Given that the existence of the arbitration agreement was undisputed, the Hon’ble Judge observed that the arbitration agreement does not cease to exist merely due to a prior invocation. In this regard, Chawla J relied on Dolphin Drilling v. ONGC (2010), where the Apex Court observed that the arbitration clause in question was not a one-time measure and “it cannot be held that once the arbitration clause is invoked the remedy of arbitration is no longer available in regard to other dispute[s] that might arise in the future”. The Court also relied on the Supreme Court’s judgment in Indian Oil Corporation v. SPS Engineering (2011) to find that matters of res-judicata are not to be decided by the Court in its Section 11 jurisdiction.

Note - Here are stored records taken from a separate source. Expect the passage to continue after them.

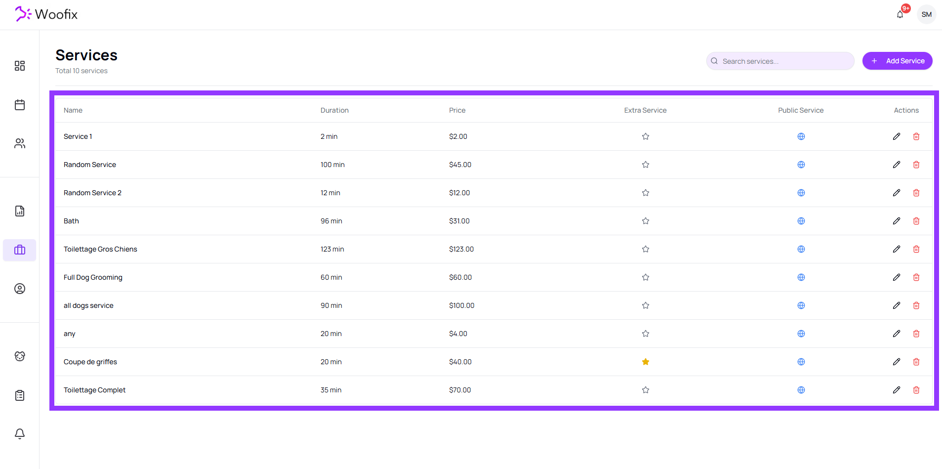 La section Services est le cœur de votre offre dans Woofix. C'est ici que vous configurez ce que vos clients peuvent réserver. Ce tutoriel vous explique comment créer, modifier et configurer correctement vos services pour qu'ils apparaissent dans l'application.
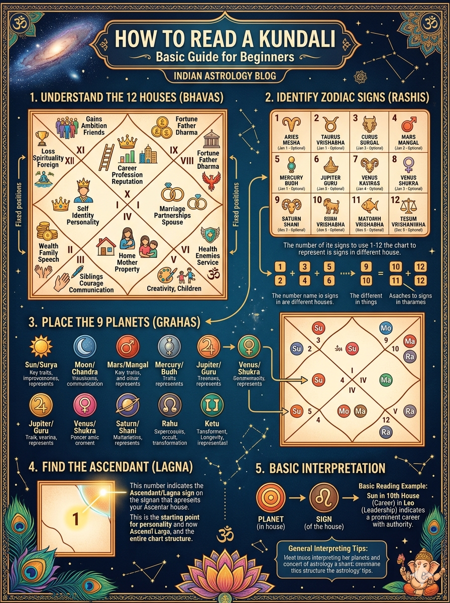 Learning how to read Kundli helps you move from generic astrology content to a more structured understanding of your own chart, your Lagna Kundali, and your long-term life patterns.
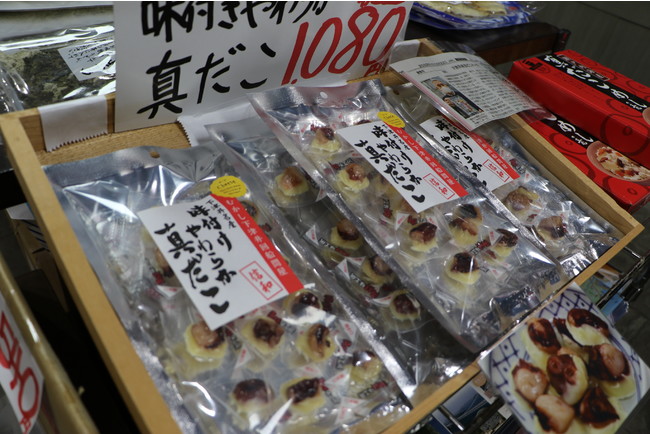 奥の蔵にある販売店で下津井名物のタコとチーズを使った珍味をいただきます。
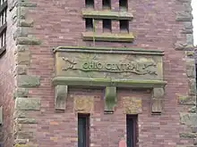 The building has variegated exterior walls of yellow, amber, and brown brick, with rough-cut and mottled red, yellow and brown sandstone lintels and quoins.[4][5][11] The main structure has a hip roof pierced at the center by a low chimney.[7] The building's roofs were originally all of red tile, lost in a 1975 fire;[4] tile remains on the tower and entry porch.[10] The building's entranceway has large front doors below a one-story columned, hipped-roof entrance porch.[2] A stone plaque above the porch bears the emblem of the railroad: "Ohio Central".[4] Above this is a vertical openwork brick pattern, reinforcing the structure's Japanese-influenced design.[2]
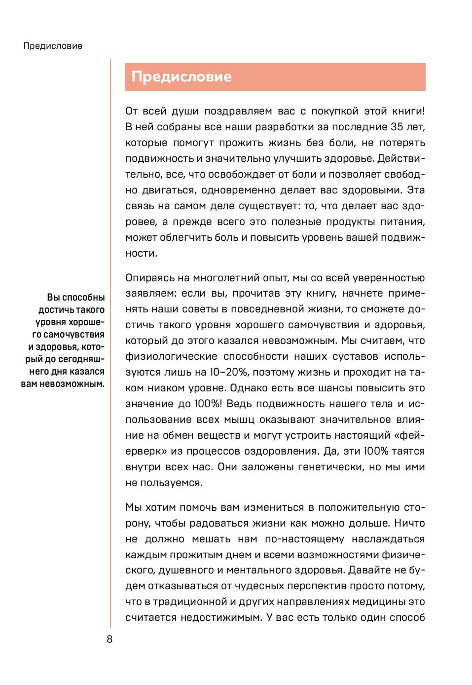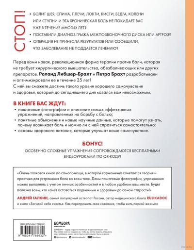 «Наша методика подходит для самолечения или прекрасно дополнит и расширит традиционную схему вашего лечения. Мы уверены, что с помощью упражнений из этой книги каждый сможет жить без боли, оставаться здоровыми и гибкими до самой старости. Вы еще будете с внуками в футбол играть — так мы всегда говорим нашим пациентам». — Р. Либшер-Брахт
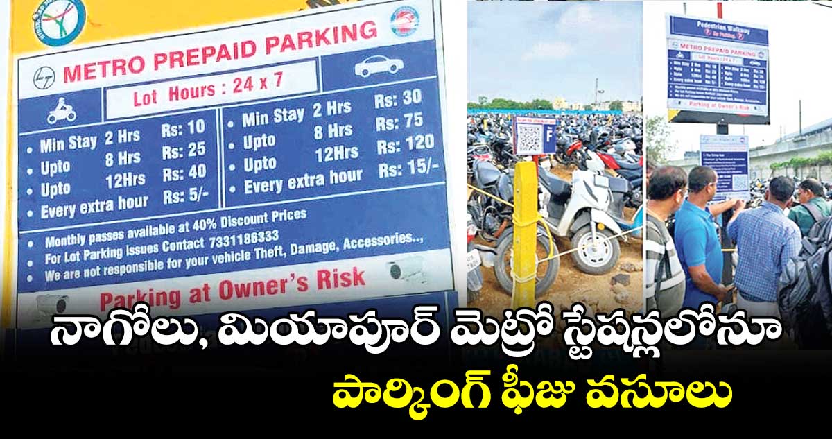 హైదరాబాద్, వెలుగు: నాగోలు, మియాపూర్ మెట్రో స్టేషన్లలో పార్కింగ్ఫీజు వసూలు చేయనున్నట్లు ఎల్అండ్ టీ, హెచ్ఎంఆర్ఎల్ అధికారులు ప్రకటించారు. ఇప్పటి వరకు ఈ స్టేషన్లలో ఫ్రీ పార్కింగ్ అమలులో ఉంది. త్వరలో ఫ్రీ పార్కింగ్ను ఎత్తివేయనున్నట్లు తెలిపారు. ఈ నెల 25 నుంచి నాగోలు మెట్రో స్టేషన్ లో, సెప్టెంబర్ ఒకటి నుంచి మియాపూర్ మెట్రో స్టేషన్ లో పార్కింగ్ ఫీజు అమలు చేయబోతున్నట్లు మెట్రో అధికారులు బుధవారం ప్రకటించారు.
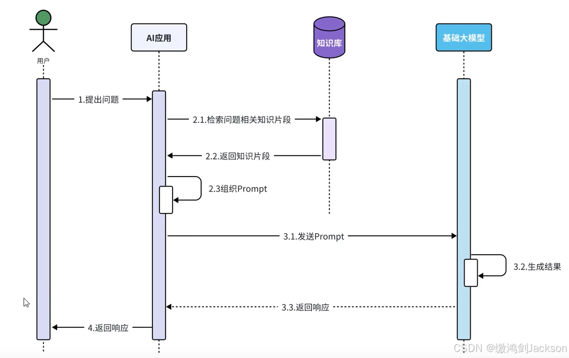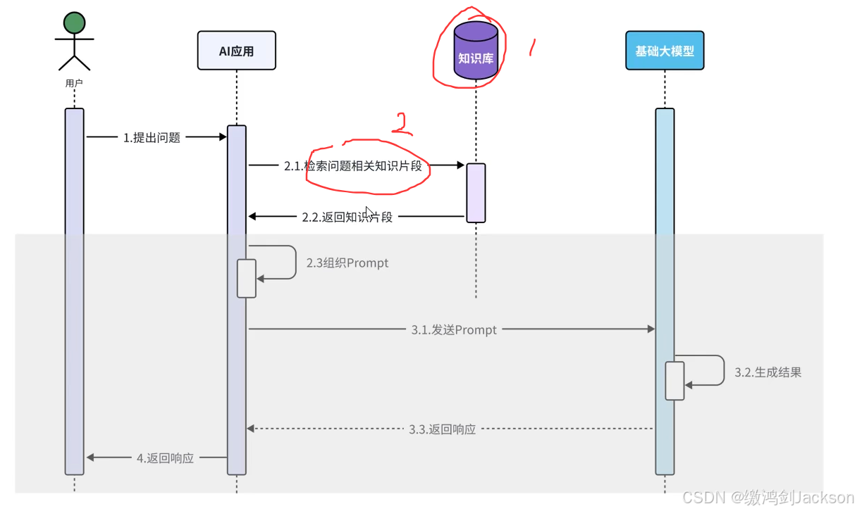 如下图,当用户问一些未公开的内部问题时,Java后端会先根据问题,去RAG知识库找响应的知识片段,然后java后端带着这些知识片段,再调用大模型,这样一来,大模型就知道未公开的知识了,也就可以回答你问的未公开的内部问题了。
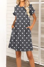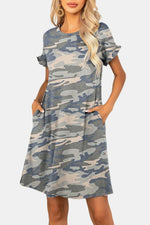 Pattern type: Solid Style: Chic Features: Frill, Pockets Neckline: Round neck Length: Mini Sleeve length: Short sleeves Sleeve type: Regular sleeves Hem shaped: Straight Sheer: No Body: Not lined Material composition: Green Camouflage/Leopard/Dark Gray: 65%...

The Supreme Court’s key findings from Indian Oil Corporation are as follows:
“13. The question whether a claim is barred by res judicata, does not arise for consideration in a proceedings (sic) under section 11 of the Act. Such an issue will have to be examined by the arbitral tribunal. A decision on res judicata requires consideration of the pleadings as also the claims/issues/points and the award in the first round of arbitration, in juxtaposition with the pleadings and the issues/points/claims in the second arbitration. The limited scope of section 11 of the Act does not permit such examination of the maintainability or tenability of a claim either on facts or in law. It is for the arbitral tribunal to examine and decide whether the claim was barred by res judicata. There can be no threshold consideration and rejection of a claim on the ground of res judicata, while considering an application under section 11 of the Act.”
Additionally, Section 11(6A)[2] of the amended Arbitration Act expressly restricts the Court’s jurisdiction to determine the existence of an arbitration agreement when requested to appoint an arbitrator. Mindful of this statutory mandate, the Hon’ble Judge allowed the Petitioner’s request and appointed a retired Supreme Court Justice as the Respondent’s nominee arbitrator. The issues of re-judicata and estoppel were left open for the Arbitral Tribunal to decide.
Comment
A broad range of commercial transactions today, especially in the infrastructure and real estate sector, create continuing reciprocal obligations subsisting over a long period of time, stretching even to decades. Contracting parties are bound to enter into disputes at irregular intervals whilst nevertheless intending to achieve fruition of their ultimate commercial goals. Exhaustion of the arbitration clause on its first invocation would likely upset the continuity and stability of such transactions.
In the circumstances, Chawla J’s judgment in Parsvnath Developers is indeed a progressive development insofar it clarifies the non-exhaustibility and survival of an arbitration clause even after its first invocation the appropriate factual matrix. Incidentally, the Hon’ble Court’s restrictive application of Section 11(6A) is also in line with the Supreme Court’s recent decision in Duro Fulguera v. Gangavaram Port Limited (2017).[3] That said, the Respondent remains entitled to reagitate the questions of res-judicata and estoppel, although the arbitral tribunal will not be bound[4] by the provisions of the CPC in its examination of these issues.
[1] ARB. P. 724/2018, decided on 31 October 2018.
[2] Section 11(6A)
The Supreme Court or, as the case may be, the High Court, while considering any application under sub-section (4) or sub-section (5) or sub-section (6), shall, notwithstanding any judgment, decree or order of any Court, confine to the examination of the existence of an arbitration agreement.
[3] The Supreme Court’s reasoning and analysis of Section 11(6A) is problematic for other reasons, which I have previously covered here.
[4] Section 19, Arbitration Act
Determination of rules of procedure.—(1) The arbitral tribunal shall not be bound by the Code of Civil Procedure, 1908 (5 of 1908) or the Indian Evidence Act, 1872 (1 of 1872).